The few packages needed are loaded next. Particularly, `tensorflow`, `mlflow` will be majorly used in this tutorial. `requests` package will be used for performing query. `json` is used to post and get response from the server.

In [1]:
import os
import sys
import mlflow
import numpy as np
import mlflow.tensorflow
from mlflow import pyfunc
import tensorflow as tf
import pandas as pd
import tempfile
import shutil

# Suppress warnings
import warnings
warnings.filterwarnings("ignore")

2021-11-14 20:53:26.210552: W tensorflow/stream_executor/platform/default/dso_loader.cc:64] Could not load dynamic library 'libcudart.so.11.0'; dlerror: libcudart.so.11.0: cannot open shared object file: No such file or directory
2021-11-14 20:53:26.210591: I tensorflow/stream_executor/cuda/cudart_stub.cc:29] Ignore above cudart dlerror if you do not have a GPU set up on your machine.

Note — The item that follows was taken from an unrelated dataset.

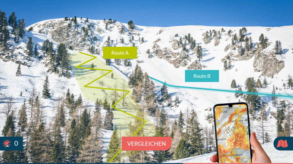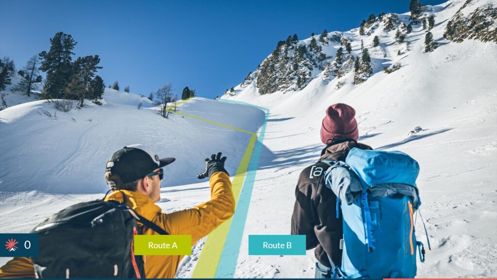 Zu jeder Entscheidung erhältst du konkrete Rückmeldungen von staatlich geprüften Bergführer.

## MLflow for experiment tracking and model deployment

MLflow is an open source platform for managing the end-to-end machine learning lifecycle. It tackles four primary functions:

- Tracking experiments to record and compare parameters and results (MLflow Tracking).
- Managing and deploying models from a variety of ML libraries to a variety of model serving and inference platforms (MLflow Models).
- Providing a central model store to collaboratively manage the full lifecycle of an MLflow Model, including model versioning, stage transitions, and annotations (MLflow Model Registry).

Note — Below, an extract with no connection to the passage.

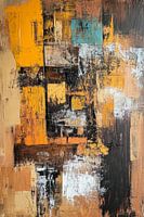 Deze energieke abstracte compositie is opgebouwd uit gelaagde texturen en rechthoekige vormen in krachtige kleuren zoals diepzwart, goudgeel, roestbruin en accenten van turkoois. De dikke verfstructuren en ruwe penseelstreken geven het werk een industriële, bijna stedelijke uitstraling, als een visuele echo van muren, ramen en stadslagen. Ideaal voor moderne interieurs die op zoek zijn naar dynamiek en karakter.

More information [here](https://www.mlflow.org/docs/latest/index.html#)



![image.png](https://www.mlflow.org/docs/latest/_images/scenario_4.png)

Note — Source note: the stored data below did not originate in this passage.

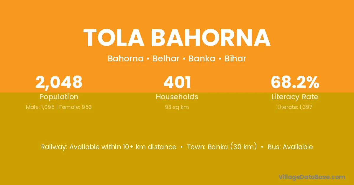 Banka (30 km) is the nearest town to Tola Bahorna village for major economic activities and is located approximately 30 km away.
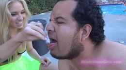 I'm hot and I know it. I have this loser that's so desperate to be around me he'll literally make out with my feet just to be in my presence.He's been telling me for years that he's a foot fetish freak but I figured out that wasn't true at all. Actually, he was such a desperate loser. He just takes literally anything he can get...even if it's my dirty feet. So I decided to humiliate him in this clip. I know he doesn't like feet, so I made him lick mine and admit that the only does it because he sooo obsessed with me. Haha!! LOSER! I even gave my BF a foot job right before this and he came all over these same feet. This loser slave is so desperate for me that it doesn't even phase him. He just continues to make out with my feet and take my verbal abuse!!
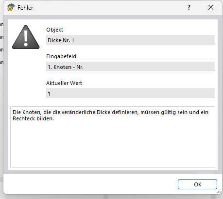 Unfortunately, it is still not possible to define variable shell thicknesses for surfaces for general Nurbs surfaces in RFEM. When attempting this, the following error message appears:

- localhost maps to the server on which the current notebook is running

- Tracking server maps to the server at environment variable `TRACKING_URL` that can be printed using `os.environ.get("TRACKING_URL")`

- Create an mlflow client that communicates with the tracking server

In [2]:
from mlflow import pyfunc

# Setting a tracking uri to log the mlflow logs in a particular location tracked by 
from mlflow.tracking import MlflowClient
tracking_uri = os.environ.get("TRACKING_URL")
client = MlflowClient(tracking_uri=tracking_uri)
mlflow.set_tracking_uri(tracking_uri)

## Create an experiment in mlflow database using mlflow client

- Get the list of all the experiments (Click on **Experiments** tab on the sidebar to see the list)
- Create a new experiment named *numpy_deployment* if it doesn't exist
- Set *numpy_deployment* as the new experiment under which different **runs** are tracked

## MLflow Entity Hierarchy

- Experiment 1
    - Run 1
        - Parameters
        - Metrics
        - Artifacts
            - Folder 1
                - File 1
                - File 2
            - Folder 2 
    - Run 2
    - Run 3

- Experiment 2
- Experiment 3        

In [3]:
# Setting a tracking project experiment name to keep the experiments organized
experiments = client.list_experiments()
experiment_names = []
for exp in experiments:
    experiment_names.append(exp.name)
experiment_name = "tf_deployment"
if experiment_name not in experiment_names:
    mlflow.create_experiment(experiment_name)
mlflow.set_experiment(experiment_name)


## Python Class for inference

- ModelWrapper is derived from mlflow.pyfunc.PythonModel [more info](https://www.mlflow.org/docs/latest/python_api/mlflow.pyfunc.html)
- load_context() member function is used to load the model. In this case, it loads a tensorflow model weights and estimator
- predict member function takes a. input and outputs classification
- An object of this class will be saved as a pickle file in blob storage

In [4]:
## Model Wrapper that takes 
class ModelWrapper(mlflow.pyfunc.PythonModel):
    def load_context(self,context):
        import numpy as np
        import tensorflow as tf
        self.model = tf.saved_model.load(context.artifacts['model_path'])
        print("Model initialized")
    
    def predict(self, context, dfeval):
        predictions = self.model.signatures["predict"](dfeval)
        return predictions


## Register a model using mlflow

- Log user-defined parameters in a remote database through a remote server
- Create a model_wrapper object using ModelWrapper() class in the above cell
- Create a default conda environment that need to be installed on the Docker conatiner that serves a REST API
- Save the model object as a pickle file and conda environment as artifacts (files) in S3 or Blob Storage

# 3. Some utility functions

In [5]:
# Some utility functions to load the data and create training functions

def load_data(y_name="Species"):
    """Returns the iris dataset as (train_x, train_y), (test_x, test_y)."""
    train_path = tf.keras.utils.get_file(TRAIN_URL.split("/")[-1], TRAIN_URL)
    test_path = tf.keras.utils.get_file(TEST_URL.split("/")[-1], TEST_URL)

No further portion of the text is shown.